This project is a web application designed to manage, search, and retrieve PDF files stored in a centralized database. It addresses common inefficiencies and security issues in traditional file storage systems by centralizing file storage and improving search capabilities.
The application is built using Python with the Flask framework for the backend, and HTML, CSS, and JavaScript for the frontend. It supports secure user authentication, file upload, and search features, allowing users to efficiently manage their digital documents.
- Secure User Authentication: Register, login, and logout functionalities to ensure that only authenticated users can access the application.

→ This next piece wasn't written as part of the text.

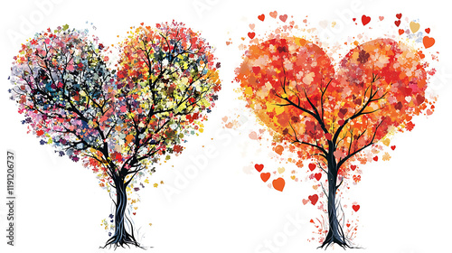 © Karith, Fototapeta premium Heart Trees of Autumn

- File Upload: Upload PDF files to a central database.
- Search by Name: Locate files by their name.
- Search by Keywords: Find files by searching for keywords within the document content using OCR technology.
- File Retrieval: Open and download files directly from the application.
- Backend: Flask, Python
- Frontend: HTML, CSS, JavaScript
- Database: MySQL
- OCR: pytesseract for text extraction from PDF images
- File Handling: PyMuPDF (fitz), PIL (Pillow)
- Tesseract OCR: Ensure Tesseract-OCR is installed and configured. Update the path to the Tesseract executable in the
app.py
file if necessary. - Session Timeout: The session timeout is set to 5 minutes of inactivity. Adjust this by modifying the
PERMANENT_SESSION_LIFETIME
setting in theapp.config
.
- Registration: Users need to register with a username, email, and password.
- Login: Registered users can log in to access the file management features.
- Upload: Users can upload PDF files, which will be stored in the database.
- Search: Users can search for files by name or by keywords within the PDF documents.
- File Operations: Users can open or download files directly from the application.